Output example (Convert two rows to one row)
name1 name2
------- ------
Al Ben
Charlie David
Ed Frank
Greg Howard
Ida Joe
Ken Larry
Mike null
Output example (Converting three lines to one line)
name1 name2 name3
----- ------ -------
Al Ben Charlie
David Ed Frank
Greg Howard Ida
Joe Ken Larry
Mike null null
Output example (Convert 4 rows to 1 row)
name1 name2 name3 name4
----- ---- - ------- ------
Al Ben Charlie David
Ed Frank Greg Howard
Ida Joe Ken Larry
Mike null null null
Output example (Convert five rows to one row)
name1 name2 name3 name4 name5
----- ---- - ------- ----- -----
Al Ben Charlie David Ed
Frank Greg Howard Ida Joe
Ken Larry Mike null null
Note:- Can I get an SQL code from Oracle 18c , from latest version..Am very exiting to get this solution from Oracle 18c...I knew the answer for this in an old style like..10g....if solution will be there from 18c side, please get it in here..Thanks a lot...

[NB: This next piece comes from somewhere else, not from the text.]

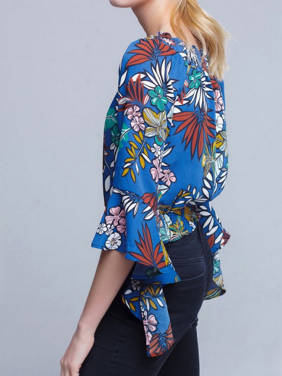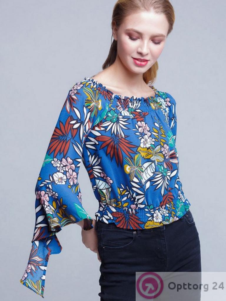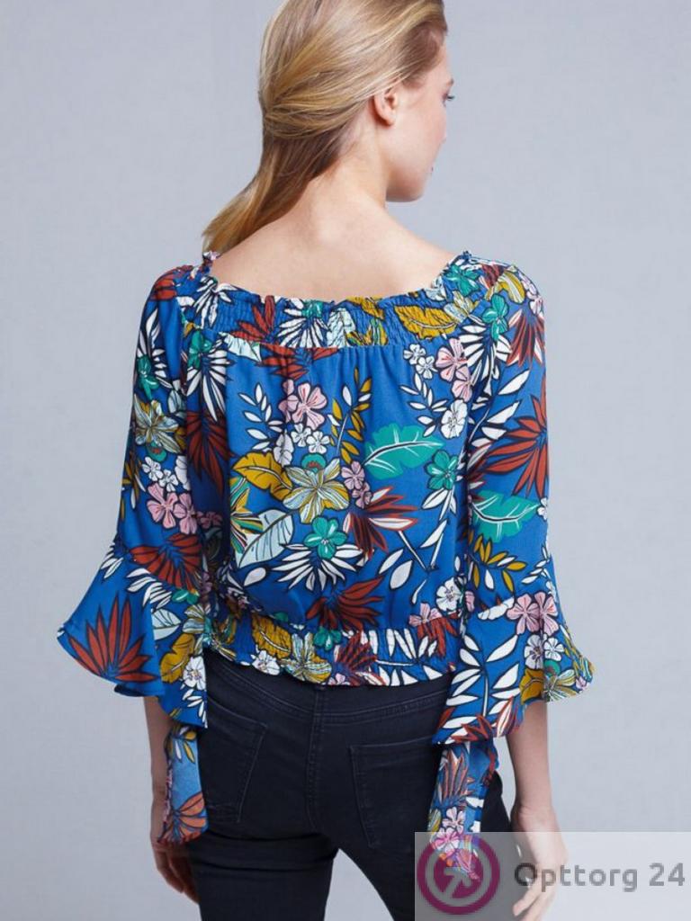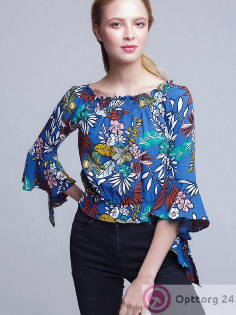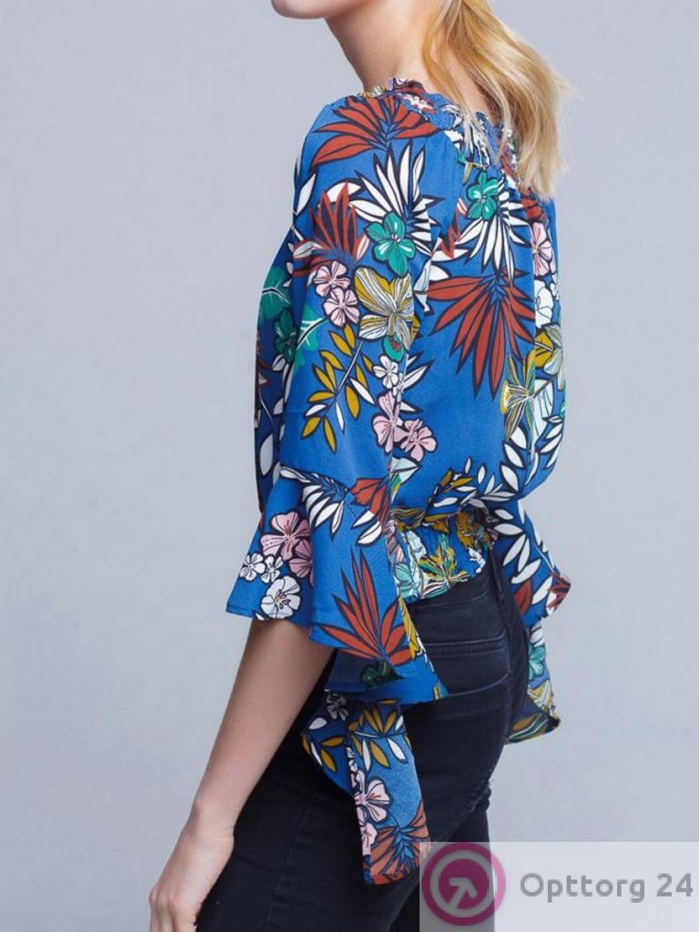 Яркая блузка для молодых женщин с цветочным принтом. Изделие имеет глубокий вырез, расклешенные рукава 3/4 и пояс на резинке. Модная и стильная модель.

No need for 18c. You can do this in 11g!
To convert the rows into N columns:
- Assign every Nth row a number from 1..N
- Group the rows in batches of N and give each group a new value
You can do this by taking the mod and ceil of it's row_number, e.g.:
mod(row_number() over (order by name)-1, :cols)+1 rn,
ceil(row_number() over (order by name)/:cols) cl
With the rows normalized like this, you can paste the values 1..N in the pivot IN clause. The ceil grouping is needed to split out rows with the same column value. Otherwise the implicit group by lumps them all together.
Which gives you:
var cols number;
exec :cols := 3;
with rws as (
select n.*,
mod(row_number() over (order by name)-1, :cols)+1 rn,
ceil(row_number() over (order by name)/:cols) cl
from names n
)
select * from rws
pivot (
min(name) for rn in (1,2,3,4,5)
)
order by cl;
CL 1 2 3 4 5
1 Al Ben Charlie <null> <null>
2 David Ed Frank <null> <null>
3 Greg Howard Ida <null> <null>
4 Joe Ken Larry <null> <null>
5 Mike <null> <null> <null> <null>
exec :cols := 4;
with rws as (
select n.*,
mod(row_number() over (order by name)-1, :cols)+1 rn,
ceil(row_number() over (order by name)/:cols) cl
from names n
)
select * from rws
pivot (
min(name) for rn in (1,2,3,4,5)
)
order by cl;
CL 1 2 3 4 5
1 Al Ben Charlie David <null>
2 Ed Frank Greg Howard <null>
3 Ida Joe Ken Larry <null>
4 Mike <null> <null> <null> <null>
exec :cols := 5;
with rws as (
select n.*,
mod(row_number() over (order by name)-1, :cols)+1 rn,
ceil(row_number() over (order by name)/:cols) cl
from names n
)
select * from rws
pivot (
min(name) for rn in (1,2,3,4,5)
)
order by cl;
CL 1 2 3 4 5
1 Al Ben Charlie David Ed
2 Frank Greg Howard Ida Joe
3 Ken Larry Mike <null> <null>
OK, so you have trailing null columns. And the upper limit for the number columns is fixed by however many values you specify in the IN clause. But you can always exclude unneeded columns from your select.